Work required:
In the records below, find the line that contains "4月17日下午,今年会官网在" and the line that contains "Mentre la sorella"; write out exactly those two lines and everything between them, without the pictures.

Raw data:
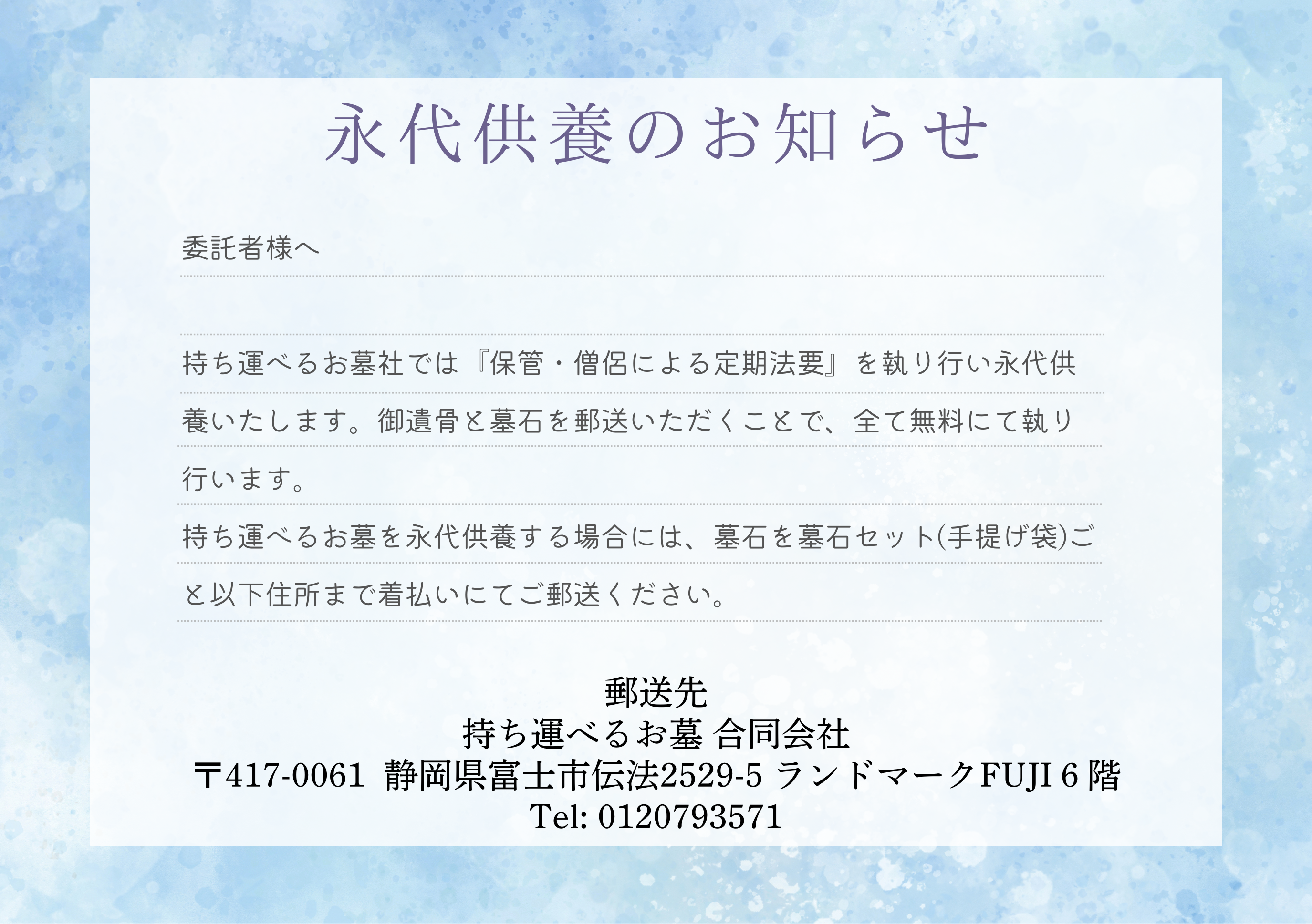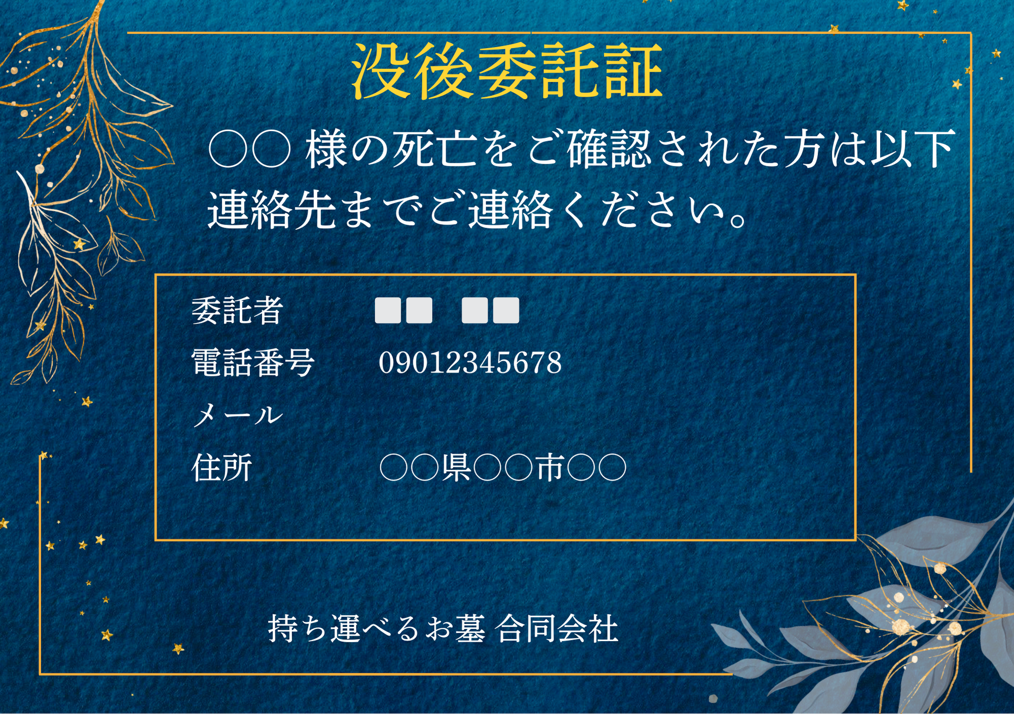 持ち墓セットの中に『没後委託証』というものがあります。この用紙には没後委託者の連絡先と、発見者からの連絡依頼の旨が記されています。これにより、知らぬ間に火葬されてしまう悲劇(参照:クローズアップ現代「知らない間に火葬された“あふれる遺体”相次ぐトラブルの実態」/2024年6月10日放送)を防ぎます。
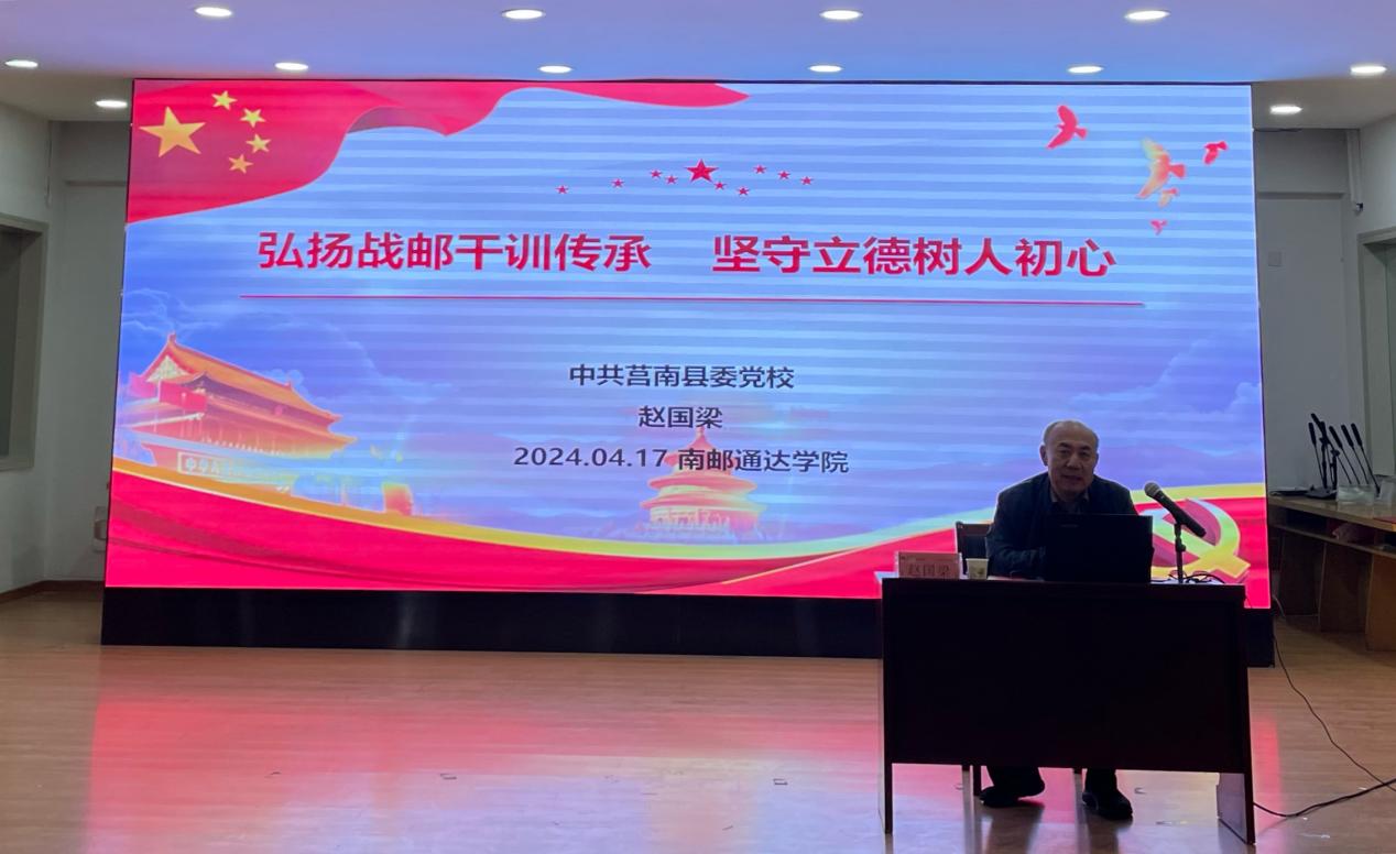 4月17日下午,今年会官网在实验楼报告厅组织开展第二期“师德大讲堂”活动,主题为“弘扬战邮干训传统 坚守立德树人初心”,本次讲堂主讲人是中共莒南县委党校副校长赵国梁先生,学院党委书记赵允玉主持,全体教职工参加活动。
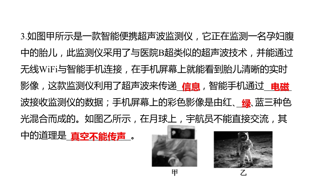 【内容简介】1.人站在北京天坛回音壁圆形围墙内附近说话,声音经过多次_____,可在围墙的任何位置听到。编钟是我国春秋战国时代的乐器,敲击大小不同的钟能发出不同的_____(选填“音调”“响度”或“音色”,下两空同),用大小不同的力敲击同一口钟能发出不同的_____。我们能听出老师的手机铃声是汪峰唱的《飞得更高》,这是根据声音的_____来辨别的。2.诗句“姑苏城外寒山寺,夜半钟声到客船”中,钟声是钟______产生的,钟声是通过_____传播到人耳中的;当声音从空气进入水中传播时,声速____(选填“会”或“不会”)发生变化。3.如图甲所示是一款智能便携超声波监测仪,它正在监测一名孕妇腹中的胎儿,此监测仪采用了与医院B超类似的超声波技术,并能通过无线WiFi与智能手机连接,在手机屏幕上就能看到胎儿清晰的实时影像,这款监测仪利用了超声波来传递_____,智能手机通过______波接收监测仪的数据;手机屏幕上的彩色影像是由红、___、蓝三种色光混合而成的。如图乙所示,在月球上,宇航员不能直接交流,其中的道理是______________。.....
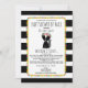 En social-avstånd barndusch med en e-postinbjudan som innehåller en illustration av en skunk av baby och en originaldikt. Anpassa texten. Bakgrunden är svart och vit rand
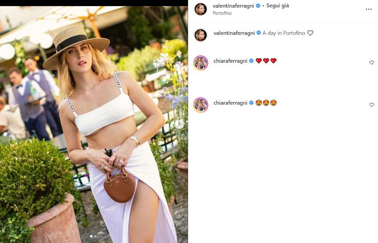 Mentre la sorella Chiara diventa sempre più bollente e si lancia in topless da urlo che stanno facendo parlare i media, si può dire che anche Valentina Ferragni ogni tanto si conceda un po’ di pepe. Questa volta l’influencer si trova di nuovo in quel di Portofino per una prosecuzione delle sue vacanze dopo gli impegni modaioli. Nel suo ultimo post vediamo un paio di scatti in cui mostra il suo outfit total white.
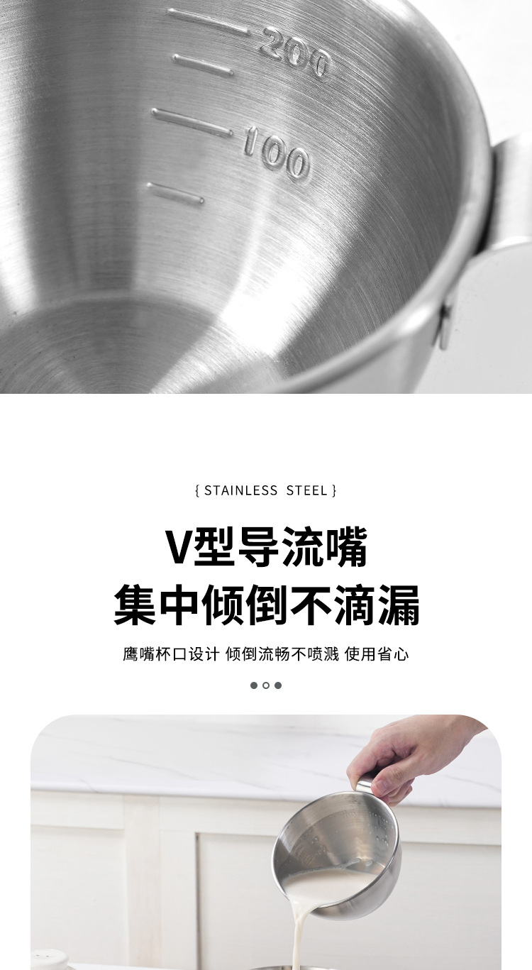 304ステンレスハンドル計量カップ焙煎スケール付きミリリットルキッチン家庭用計量筒豆乳カップミルクティー店専用
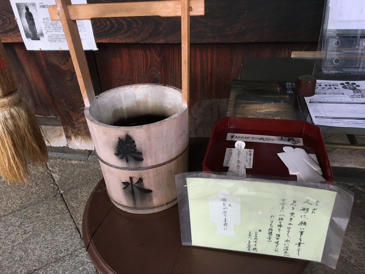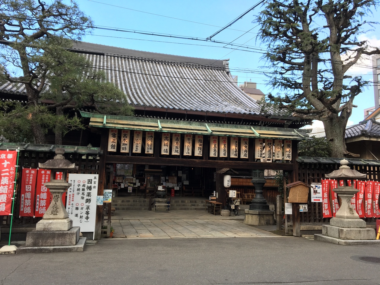 日本三如来のあるお寺です。因幡の国司が、帰京の途中にお告げで、海の中から引き上げた薬師如来像が京都に飛来したとの言い伝えで、因幡薬師と言われているらしいです。本殿の前に、薬水と書かれた水の入った桶と、横に人形に切られた紙が置いてあり、息を吹きかけて願いを書くようにされていました。都心ですが、静かな雰囲気の新しいでした。

Result for this exercise:
 4月17日下午,今年会官网在实验楼报告厅组织开展第二期“师德大讲堂”活动,主题为“弘扬战邮干训传统 坚守立德树人初心”,本次讲堂主讲人是中共莒南县委党校副校长赵国梁先生,学院党委书记赵允玉主持,全体教职工参加活动。
 【内容简介】1.人站在北京天坛回音壁圆形围墙内附近说话,声音经过多次_____,可在围墙的任何位置听到。编钟是我国春秋战国时代的乐器,敲击大小不同的钟能发出不同的_____(选填“音调”“响度”或“音色”,下两空同),用大小不同的力敲击同一口钟能发出不同的_____。我们能听出老师的手机铃声是汪峰唱的《飞得更高》,这是根据声音的_____来辨别的。2.诗句“姑苏城外寒山寺,夜半钟声到客船”中,钟声是钟______产生的,钟声是通过_____传播到人耳中的;当声音从空气进入水中传播时,声速____(选填“会”或“不会”)发生变化。3.如图甲所示是一款智能便携超声波监测仪,它正在监测一名孕妇腹中的胎儿,此监测仪采用了与医院B超类似的超声波技术,并能通过无线WiFi与智能手机连接,在手机屏幕上就能看到胎儿清晰的实时影像,这款监测仪利用了超声波来传递_____,智能手机通过______波接收监测仪的数据;手机屏幕上的彩色影像是由红、___、蓝三种色光混合而成的。如图乙所示,在月球上,宇航员不能直接交流,其中的道理是______________。.....
 En social-avstånd barndusch med en e-postinbjudan som innehåller en illustration av en skunk av baby och en originaldikt. Anpassa texten. Bakgrunden är svart och vit rand
 Mentre la sorella Chiara diventa sempre più bollente e si lancia in topless da urlo che stanno facendo parlare i media, si può dire che anche Valentina Ferragni ogni tanto si conceda un po’ di pepe. Questa volta l’influencer si trova di nuovo in quel di Portofino per una prosecuzione delle sue vacanze dopo gli impegni modaioli. Nel suo ultimo post vediamo un paio di scatti in cui mostra il suo outfit total white.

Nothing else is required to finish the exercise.